Restate the listing below word for word, omitting any images.

>>>>

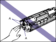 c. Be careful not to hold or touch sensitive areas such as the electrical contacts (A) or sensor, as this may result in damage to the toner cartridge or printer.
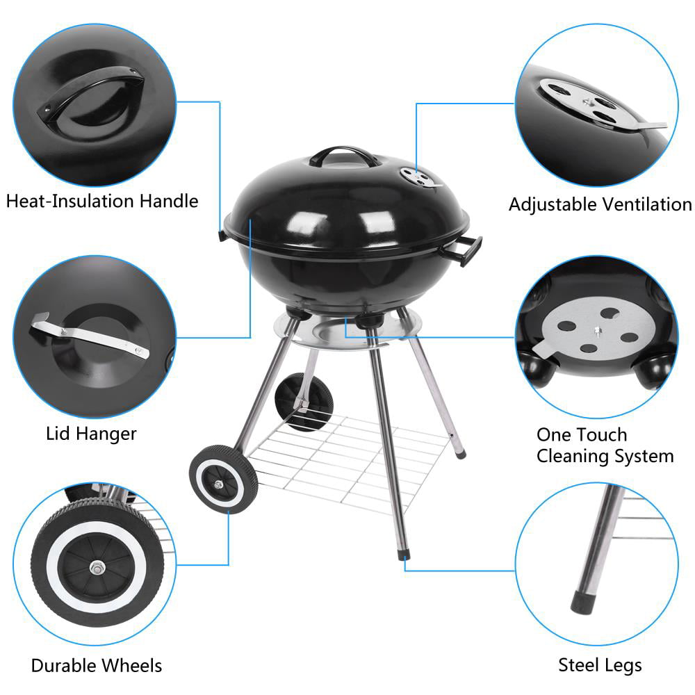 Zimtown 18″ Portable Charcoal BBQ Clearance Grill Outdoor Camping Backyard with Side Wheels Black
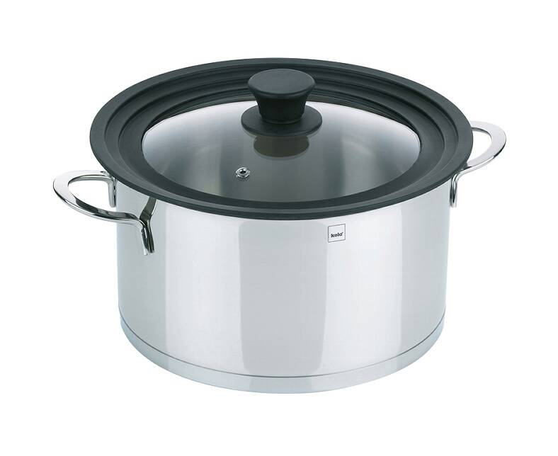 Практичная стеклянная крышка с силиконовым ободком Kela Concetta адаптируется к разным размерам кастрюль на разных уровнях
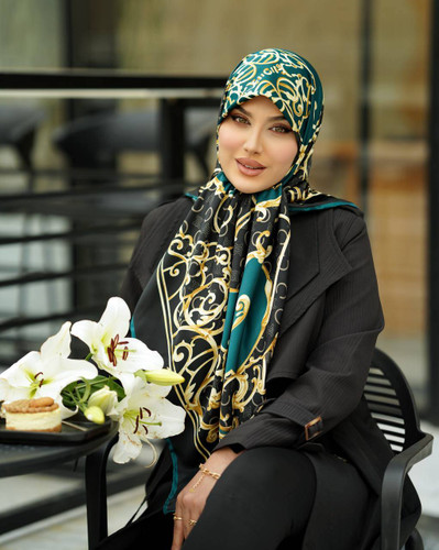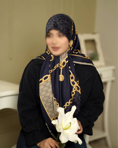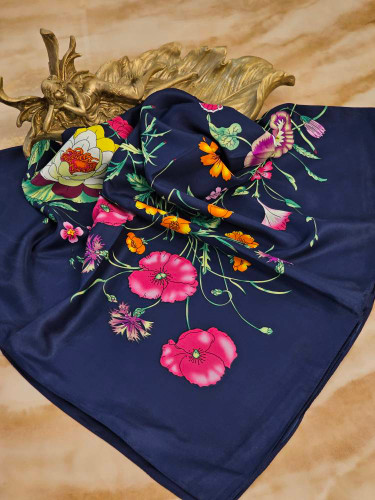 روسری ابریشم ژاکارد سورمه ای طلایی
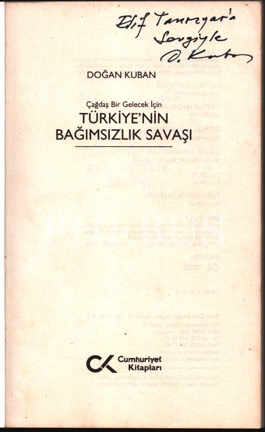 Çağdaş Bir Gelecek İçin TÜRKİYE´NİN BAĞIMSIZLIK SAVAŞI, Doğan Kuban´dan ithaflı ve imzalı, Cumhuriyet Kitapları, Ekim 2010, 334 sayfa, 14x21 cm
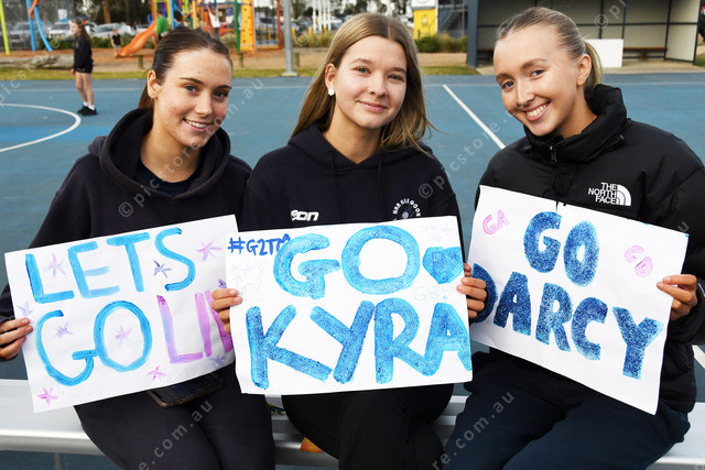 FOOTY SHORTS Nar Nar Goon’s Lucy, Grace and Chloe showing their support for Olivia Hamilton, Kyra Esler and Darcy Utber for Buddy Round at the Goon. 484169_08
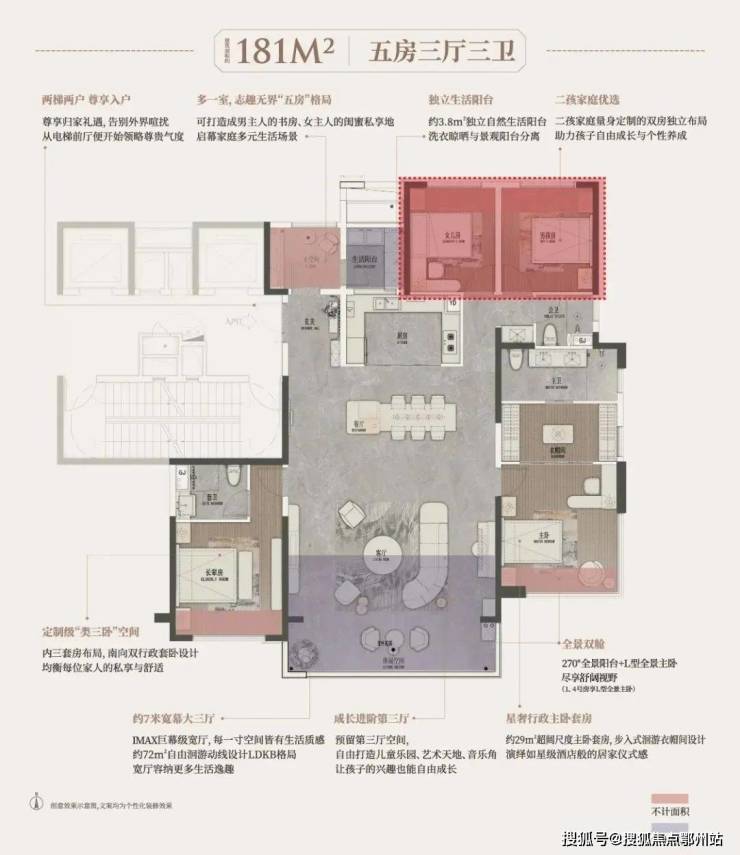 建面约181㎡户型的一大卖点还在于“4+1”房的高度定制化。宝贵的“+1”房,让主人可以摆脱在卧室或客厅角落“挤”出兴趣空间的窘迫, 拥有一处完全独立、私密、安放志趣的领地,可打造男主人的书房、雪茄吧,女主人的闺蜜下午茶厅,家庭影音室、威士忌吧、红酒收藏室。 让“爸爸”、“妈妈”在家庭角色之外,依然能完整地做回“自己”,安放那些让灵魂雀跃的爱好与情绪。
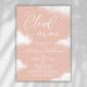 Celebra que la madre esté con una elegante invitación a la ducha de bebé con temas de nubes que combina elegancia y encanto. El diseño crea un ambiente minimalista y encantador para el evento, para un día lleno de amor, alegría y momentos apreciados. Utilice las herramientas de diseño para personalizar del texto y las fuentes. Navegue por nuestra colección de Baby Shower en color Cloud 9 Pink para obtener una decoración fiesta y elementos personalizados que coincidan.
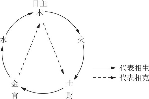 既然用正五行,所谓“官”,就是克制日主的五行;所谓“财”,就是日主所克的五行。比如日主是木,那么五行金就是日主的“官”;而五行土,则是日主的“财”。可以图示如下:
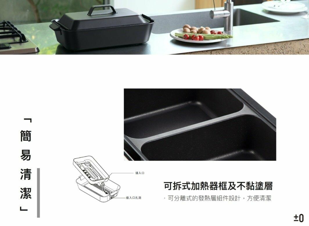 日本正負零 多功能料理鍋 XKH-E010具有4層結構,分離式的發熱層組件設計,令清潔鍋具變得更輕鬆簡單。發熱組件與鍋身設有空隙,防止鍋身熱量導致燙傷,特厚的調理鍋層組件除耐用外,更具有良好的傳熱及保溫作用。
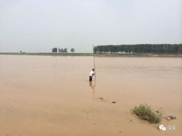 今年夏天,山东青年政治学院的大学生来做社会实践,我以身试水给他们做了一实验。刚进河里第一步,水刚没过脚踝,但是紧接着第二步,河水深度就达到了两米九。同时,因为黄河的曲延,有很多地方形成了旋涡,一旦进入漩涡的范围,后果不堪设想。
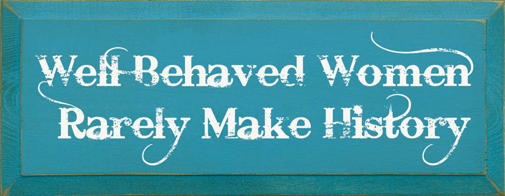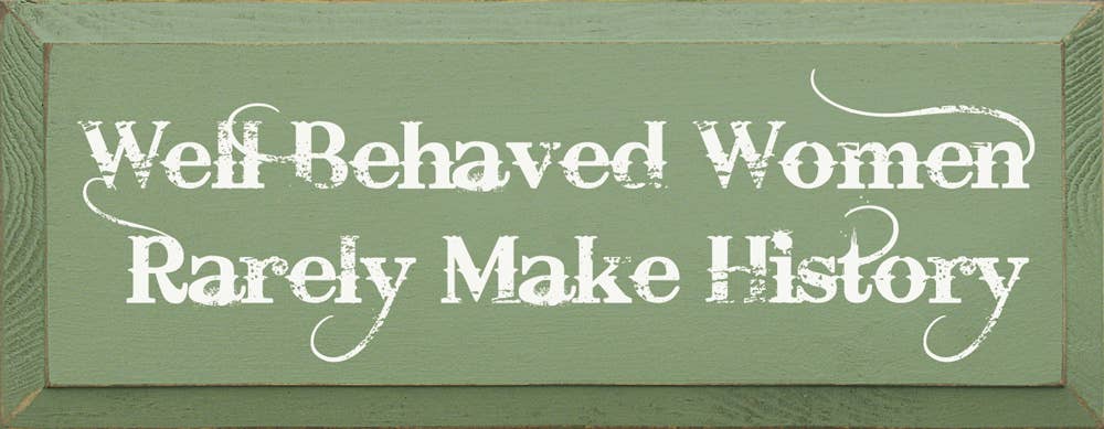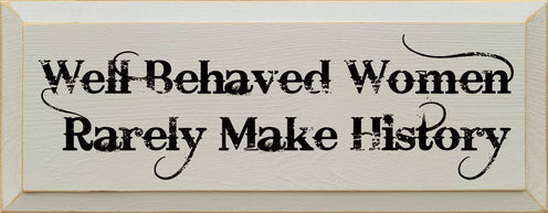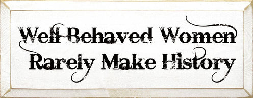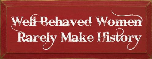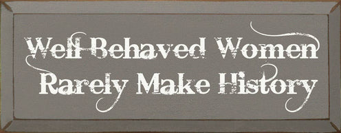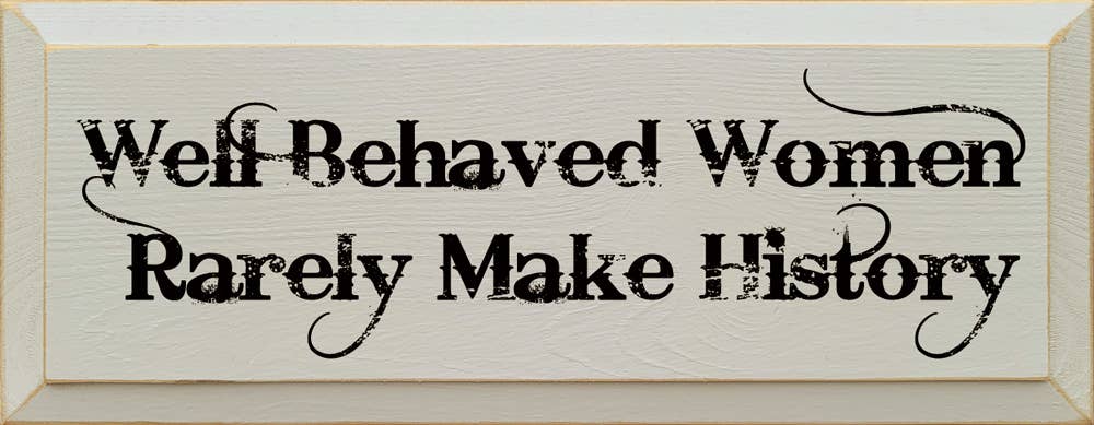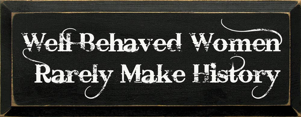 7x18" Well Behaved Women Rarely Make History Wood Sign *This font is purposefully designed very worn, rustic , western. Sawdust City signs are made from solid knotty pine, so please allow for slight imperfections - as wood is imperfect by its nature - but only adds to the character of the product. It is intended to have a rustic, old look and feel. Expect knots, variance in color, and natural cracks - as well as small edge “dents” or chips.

<<<<

### ANSWER FOR THE TASK
 c. Be careful not to hold or touch sensitive areas such as the electrical contacts (A) or sensor, as this may result in damage to the toner cartridge or printer.
 Zimtown 18″ Portable Charcoal BBQ Clearance Grill Outdoor Camping Backyard with Side Wheels Black
 Практичная стеклянная крышка с силиконовым ободком Kela Concetta адаптируется к разным размерам кастрюль на разных уровнях
 روسری ابریشم ژاکارد سورمه ای طلایی
 Çağdaş Bir Gelecek İçin TÜRKİYE´NİN BAĞIMSIZLIK SAVAŞI, Doğan Kuban´dan ithaflı ve imzalı, Cumhuriyet Kitapları, Ekim 2010, 334 sayfa, 14x21 cm
 FOOTY SHORTS Nar Nar Goon’s Lucy, Grace and Chloe showing their support for Olivia Hamilton, Kyra Esler and Darcy Utber for Buddy Round at the Goon. 484169_08
 建面约181㎡户型的一大卖点还在于“4+1”房的高度定制化。宝贵的“+1”房,让主人可以摆脱在卧室或客厅角落“挤”出兴趣空间的窘迫, 拥有一处完全独立、私密、安放志趣的领地,可打造男主人的书房、雪茄吧,女主人的闺蜜下午茶厅,家庭影音室、威士忌吧、红酒收藏室。 让“爸爸”、“妈妈”在家庭角色之外,依然能完整地做回“自己”,安放那些让灵魂雀跃的爱好与情绪。
 Celebra que la madre esté con una elegante invitación a la ducha de bebé con temas de nubes que combina elegancia y encanto. El diseño crea un ambiente minimalista y encantador para el evento, para un día lleno de amor, alegría y momentos apreciados. Utilice las herramientas de diseño para personalizar del texto y las fuentes. Navegue por nuestra colección de Baby Shower en color Cloud 9 Pink para obtener una decoración fiesta y elementos personalizados que coincidan.
 既然用正五行,所谓“官”,就是克制日主的五行;所谓“财”,就是日主所克的五行。比如日主是木,那么五行金就是日主的“官”;而五行土,则是日主的“财”。可以图示如下:
 日本正負零 多功能料理鍋 XKH-E010具有4層結構,分離式的發熱層組件設計,令清潔鍋具變得更輕鬆簡單。發熱組件與鍋身設有空隙,防止鍋身熱量導致燙傷,特厚的調理鍋層組件除耐用外,更具有良好的傳熱及保溫作用。
 今年夏天,山东青年政治学院的大学生来做社会实践,我以身试水给他们做了一实验。刚进河里第一步,水刚没过脚踝,但是紧接着第二步,河水深度就达到了两米九。同时,因为黄河的曲延,有很多地方形成了旋涡,一旦进入漩涡的范围,后果不堪设想。
 7x18" Well Behaved Women Rarely Make History Wood Sign *This font is purposefully designed very worn, rustic , western. Sawdust City signs are made from solid knotty pine, so please allow for slight imperfections - as wood is imperfect by its nature - but only adds to the character of the product. It is intended to have a rustic, old look and feel. Expect knots, variance in color, and natural cracks - as well as small edge “dents” or chips.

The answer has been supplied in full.